Write for the card, not the page. Each card/node has limited space. Three lines
for a definition-with-example is enough. Cut every word that doesn't earn its place.
Layer the content. Structure text in progressive disclosure layers:
- Term or question (bold) — what is this concept?
- Definition + example (regular) — how does it work?
- Key insight (accent) — why does it matter?
- Action levers (secondary) — what can you do with it?
The viewer can stop at any layer and still get value.
Phase F: Produce the Specification
The output has two parts: a human-readable brief for review, and a structured spec
that the visual encoding skill can consume.
Human-readable brief (present this to the user for approval):
## Story
[One-sentence story]
## Audience
[Who, what they know, what they should take away]
## Dimensions (ranked)
- PRIMARY: [dimension] — [why this is the main thing]
- SECONDARY: [dimension] — [what depth this adds]
- ANNOTATION: [list of text-only details]
- CUT: [what was deliberately excluded and why]
## Content
[For each concept/node, the text that will appear — definition,
example, insight, levers.

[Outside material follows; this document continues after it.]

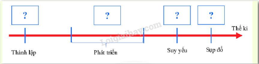 Em hãy xác định các mốc thời gian (theo thế kỉ) trong sơ đồ bên dưới về quá trình hình thành, phát triển và sụp đổ của vương quốc Phù Nam.
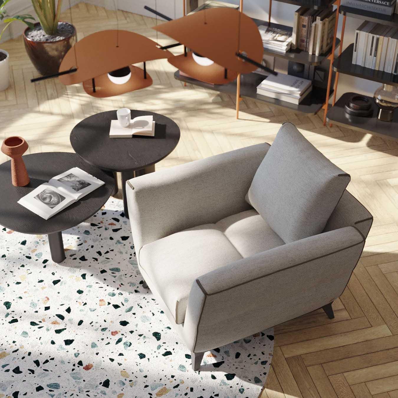 The design of the Corolle lamp is characterized by essential lines that give it a modern and sophisticated appearance. It is a pendant lamp that, in its simplicity and minimalism, emanates modernity and elegance, perfectly suited for contemporary interiors.

Written at diagram length, not document length.]
## Relationships
[How concepts/dimensions connect — flows, hierarchies, dependencies]
## Open Questions
[Anything the user should weigh in on before visual design begins]

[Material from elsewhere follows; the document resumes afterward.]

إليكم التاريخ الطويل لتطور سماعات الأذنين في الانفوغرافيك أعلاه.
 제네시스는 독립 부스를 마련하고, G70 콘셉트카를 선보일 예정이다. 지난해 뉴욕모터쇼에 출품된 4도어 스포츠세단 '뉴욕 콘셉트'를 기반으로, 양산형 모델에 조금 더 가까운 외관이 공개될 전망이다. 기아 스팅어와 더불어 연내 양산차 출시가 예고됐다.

Structured spec (append after the brief, for Skill 2):
Write the spec in YAML within a fenced code block. See references/output-format.md
for the full schema. The spec must capture:
story: type (explanatory/analytical/persuasive), primary message, audience
dimensions: each with name, type, values/range, priority tier, and encoding hints
relationships: typed connections between dimensions or concepts
concepts: for educational diagrams — term, definition, example, insight, levers
content: title, subtitle, footnotes, source attribution
constraints: page size if known, whether it must stand alone, print vs. screen
Common Failure Modes
Trying to show everything. The most frequent failure. A book chapter has 20
concepts; the diagram tries to include all 20 and none of them are clear. The fix is
always to cut more aggressively. A diagram that shows 5 things clearly is infinitely
more valuable than one that shows 20 things illegibly.

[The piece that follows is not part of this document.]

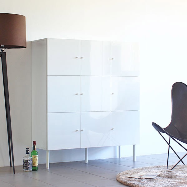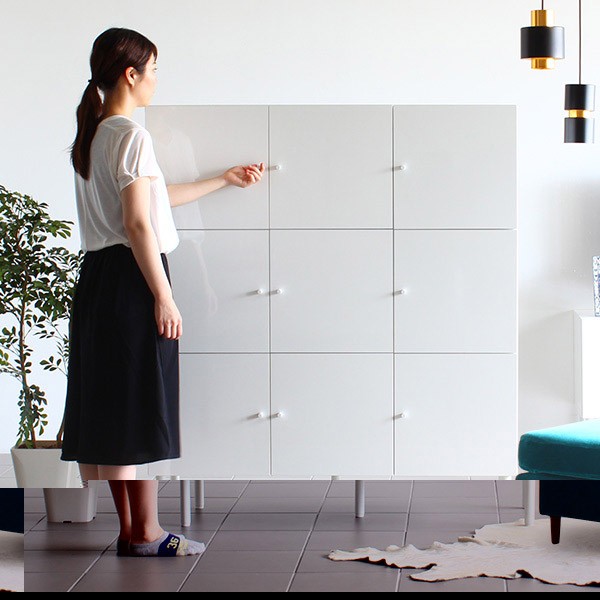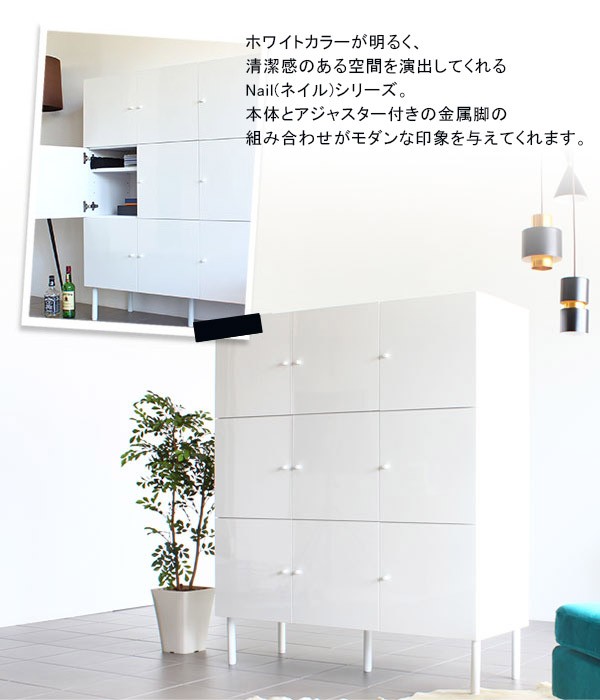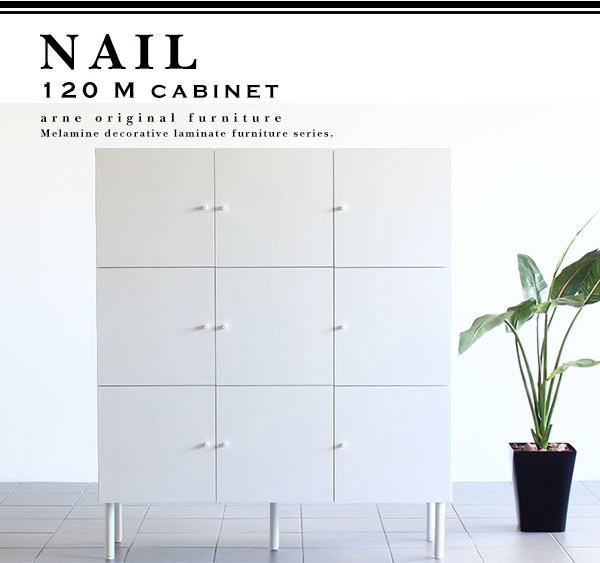 キャビネット 鏡面 収納 ホワイト 扉つき 完成品 白 鏡面仕上げ 家具 nail 120M cabi ☆

Missing the story. Dimensions are identified correctly but there's no narrative
throughline. The diagram is technically accurate but doesn't illuminate anything. The
fix is to write the one-sentence story and let it drive every prioritization decision.
Wrong audience assumption. Too much jargon for a general audience, or too
simplified for experts. The fix is to explicitly state the audience's existing
knowledge and calibrate definitions and detail level to that.
Same-domain examples. Four concepts, four examples from software engineering. The
viewer can't tell which example goes with which concept because they all sound similar.
The fix is deliberate domain diversity.
Weak content compression. Card text is a shortened version of the source document
rather than a rewrite. It reads like a summary rather than a standalone explanation.
The fix is to write the card text from scratch, using the source as reference, not as
a template to abbreviate.
References
references/content-writing.md — Detailed guidance on writing diagram content:
progressive disclosure, term definition, example selection, compression techniques.
references/output-format.md — The YAML spec schema that the visual encoding
skill consumes, with annotated examples.